§ EXTRACTED MATERIAL:
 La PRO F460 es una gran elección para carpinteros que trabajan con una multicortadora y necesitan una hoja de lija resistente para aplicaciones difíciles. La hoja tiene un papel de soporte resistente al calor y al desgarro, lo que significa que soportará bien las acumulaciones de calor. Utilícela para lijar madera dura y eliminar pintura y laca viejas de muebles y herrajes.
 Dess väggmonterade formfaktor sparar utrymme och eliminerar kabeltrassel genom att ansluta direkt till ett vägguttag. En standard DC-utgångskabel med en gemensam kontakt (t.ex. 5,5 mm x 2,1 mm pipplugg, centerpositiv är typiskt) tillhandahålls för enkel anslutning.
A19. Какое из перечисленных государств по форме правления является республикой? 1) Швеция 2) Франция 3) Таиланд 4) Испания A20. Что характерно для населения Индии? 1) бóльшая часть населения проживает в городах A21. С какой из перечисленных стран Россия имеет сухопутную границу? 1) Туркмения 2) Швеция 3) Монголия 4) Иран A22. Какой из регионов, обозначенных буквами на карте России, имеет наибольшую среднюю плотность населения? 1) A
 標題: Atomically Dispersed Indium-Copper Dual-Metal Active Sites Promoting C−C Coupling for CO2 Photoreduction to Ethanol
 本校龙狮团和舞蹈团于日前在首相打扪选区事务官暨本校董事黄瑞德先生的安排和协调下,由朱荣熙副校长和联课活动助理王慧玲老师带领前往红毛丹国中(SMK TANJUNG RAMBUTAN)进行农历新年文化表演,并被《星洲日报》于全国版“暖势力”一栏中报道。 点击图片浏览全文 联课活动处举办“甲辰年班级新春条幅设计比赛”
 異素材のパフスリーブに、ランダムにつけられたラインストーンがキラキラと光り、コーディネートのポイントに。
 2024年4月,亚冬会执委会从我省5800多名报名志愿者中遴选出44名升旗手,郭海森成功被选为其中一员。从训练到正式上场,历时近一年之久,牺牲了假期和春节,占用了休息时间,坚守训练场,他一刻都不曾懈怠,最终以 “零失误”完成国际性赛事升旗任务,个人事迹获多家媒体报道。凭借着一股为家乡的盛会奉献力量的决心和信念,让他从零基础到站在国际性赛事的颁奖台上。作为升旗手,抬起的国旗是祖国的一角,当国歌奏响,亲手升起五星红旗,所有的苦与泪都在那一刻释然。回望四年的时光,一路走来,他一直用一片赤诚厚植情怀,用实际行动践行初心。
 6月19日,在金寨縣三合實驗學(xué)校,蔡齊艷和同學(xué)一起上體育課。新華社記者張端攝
==
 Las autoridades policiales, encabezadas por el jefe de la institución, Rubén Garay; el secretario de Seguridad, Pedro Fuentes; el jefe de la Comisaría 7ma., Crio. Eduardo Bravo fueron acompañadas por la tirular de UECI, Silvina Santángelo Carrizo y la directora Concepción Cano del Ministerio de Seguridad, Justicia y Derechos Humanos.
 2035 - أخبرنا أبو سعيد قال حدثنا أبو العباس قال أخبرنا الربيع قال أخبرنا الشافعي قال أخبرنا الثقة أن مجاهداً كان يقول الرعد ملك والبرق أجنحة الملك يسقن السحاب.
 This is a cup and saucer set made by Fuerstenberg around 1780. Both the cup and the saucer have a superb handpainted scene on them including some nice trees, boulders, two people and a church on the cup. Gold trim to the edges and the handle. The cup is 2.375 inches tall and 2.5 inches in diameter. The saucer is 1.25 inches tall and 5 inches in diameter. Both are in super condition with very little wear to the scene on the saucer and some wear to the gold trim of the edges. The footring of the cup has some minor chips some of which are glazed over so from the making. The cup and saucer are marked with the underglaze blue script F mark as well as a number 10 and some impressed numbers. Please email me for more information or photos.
==
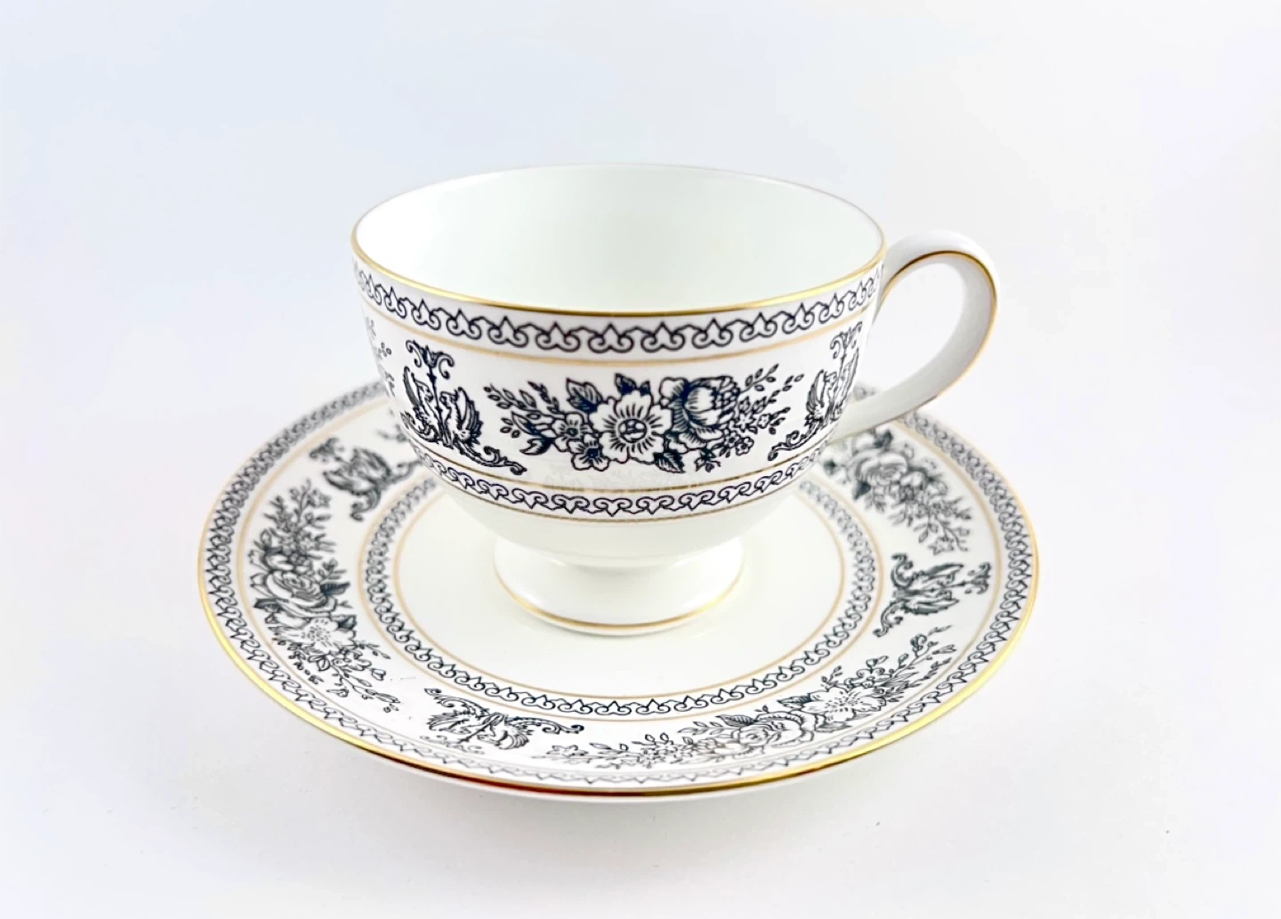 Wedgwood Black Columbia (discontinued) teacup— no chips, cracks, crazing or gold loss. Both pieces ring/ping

§ TASK DESCRIPTION:
Go through the listing above and write out exactly the lines starting with the one holding "La PRO F460" and running through the one holding "Dess väggmonterade formfaktor", ends included, and no others.

§ SOLUTION FOR THIS EXERCISE:
 La PRO F460 es una gran elección para carpinteros que trabajan con una multicortadora y necesitan una hoja de lija resistente para aplicaciones difíciles. La hoja tiene un papel de soporte resistente al calor y al desgarro, lo que significa que soportará bien las acumulaciones de calor. Utilícela para lijar madera dura y eliminar pintura y laca viejas de muebles y herrajes.
 Dess väggmonterade formfaktor sparar utrymme och eliminerar kabeltrassel genom att ansluta direkt till ett vägguttag. En standard DC-utgångskabel med en gemensam kontakt (t.ex. 5,5 mm x 2,1 mm pipplugg, centerpositiv är typiskt) tillhandahålls för enkel anslutning.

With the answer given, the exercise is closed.